NMR Ensemble Analysis

An NMR structure "ensemble" is not a single model — it is a bundle of conformers, typically 10–40 structures, each consistent with the experimental restraints (NOE distances, dihedral angles, RDCs). The spread of the bundle is the primary indicator of precision: tight bundles indicate well-determined, rigid regions; loose bundles indicate disorder or sparse restraint coverage.

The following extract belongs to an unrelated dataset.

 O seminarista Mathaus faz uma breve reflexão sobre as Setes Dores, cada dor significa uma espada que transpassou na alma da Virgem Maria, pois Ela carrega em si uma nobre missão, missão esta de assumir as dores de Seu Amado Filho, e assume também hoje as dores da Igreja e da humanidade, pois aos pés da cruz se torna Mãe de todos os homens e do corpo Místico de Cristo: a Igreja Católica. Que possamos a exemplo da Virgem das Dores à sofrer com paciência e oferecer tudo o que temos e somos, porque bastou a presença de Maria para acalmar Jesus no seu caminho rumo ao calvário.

This page explains the scientific foundations of the ensemble analysis tools in synth_pdb.ensemble.

Why Ensembles?

X-ray crystallography produces a single, time-averaged structure. NMR is unique in that it inherently produces a probability distribution of structures. The ensemble:

Represents the genuine conformational heterogeneity of the molecule in solution
Encodes uncertainty — regions with few restraints have higher spread
Provides a direct view of internal dynamics on the µs–ms timescale

The two key quantities characterising an NMR ensemble are:

Quantity	Unit	What it measures
Pairwise RMSD	Å	Coordinate precision — how similar are the models geometrically?
DAOP (S(φ)+S(ψ))	dimensionless (0–2)	Dihedral precision — how consistent are the backbone angles?

Dihedral Angle Order Parameter (DAOP)

Introduced by Hyberts et al. (1992), the DAOP measures the circular variance of backbone dihedral angles across all ensemble members.

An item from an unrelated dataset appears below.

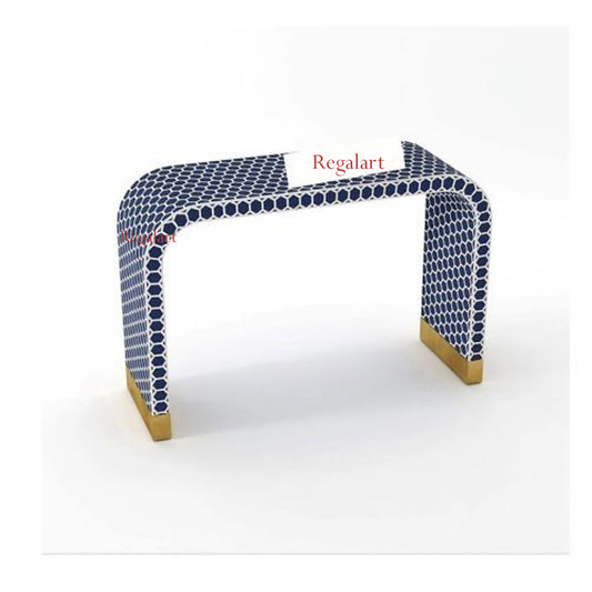 Handmade Bone Inlay Honeycomb Pattern Console Table – Luxury Craftsmanship for Timeless Decor

For a dihedral angle \(\alpha\) measured in \(N\) models:

\[S(\alpha) = \left| \frac{1}{N} \sum_{k=1}^{N} e^{i\alpha_k} \right|\]

This is the length of the mean resultant vector on the unit circle, ranging from 0 (completely disordered) to 1 (perfectly ordered).

\[S(\phi) + S(\psi) \begin{cases} \geq 1.8 & \text{well-defined residue} \\ < 1.8 & \text{disordered / poorly restrained} \end{cases}\]

The threshold of 1.8 is the PDBStat convention used by the BMRB deposition system (Tejero et al. 2013).

Coordinate RMSD

The pairwise RMSD matrix (size \(N \times N\) for an \(N\)-model ensemble) encodes all structural differences. Key derived quantities:

Mean pairwise RMSD: overall precision of the ensemble
RMSF per residue: standard deviation of each residue's position after superposition — directly comparable to B-factors and to MD RMSF
Medoid: the model with the lowest mean RMSD to all other models — the most "representative" structure

All RMSD calculations in synth_pdb.ensemble use Kabsch superposition (via synth_pdb.geometry.superposition) to remove rigid-body translation and rotation before computing coordinate differences.

Quality Thresholds

The following thresholds are taken from the PDBStat paper (Tejero et al. 2013) and are used by QualityAssessment:

Metric	Excellent	Acceptable	Poor
Backbone RMSD	< 0.5 Å	0.5–1.5 Å	> 1.5 Å
Heavy-atom RMSD	< 1.0 Å	1.0–2.5 Å	> 2.5 Å
Fraction well-defined	> 85%	60–85%	< 60%

IDP Ensembles

For Intrinsically Disordered Proteins (IDPs), these thresholds do not apply — a "good" IDP ensemble should have high RMSD and low DAOP in the disordered regions by design. The spread reflects genuine structural disorder, not poor data.

Validation of IDP ensembles requires comparing ensemble-averaged observables (PRE rates, SAXS profiles, chemical shifts) to experiment rather than applying rigid RMSD thresholds.

See Science: Intrinsically Disordered Proteins and the IDP Ensemble tutorial.

References

Hyberts, S. G. et al. (1992). The solution structure of eglin c based on measurements of many NOEs and coupling constants. Protein Science, 1(6), 736–751.
Tejero, R. et al. (2013). PDBStat: a universal restraint converter and restraint quality analyzer for protein NMR structures. J. Biomol. NMR, 56(4), 337–351.
Clore, G. M. & Iwahara, J. (2009). Theory, practice and applications of paramagnetic relaxation enhancement for the characterization of transient low-population states of biological macromolecules. Chem. Rev., 109(9), 4108–4139.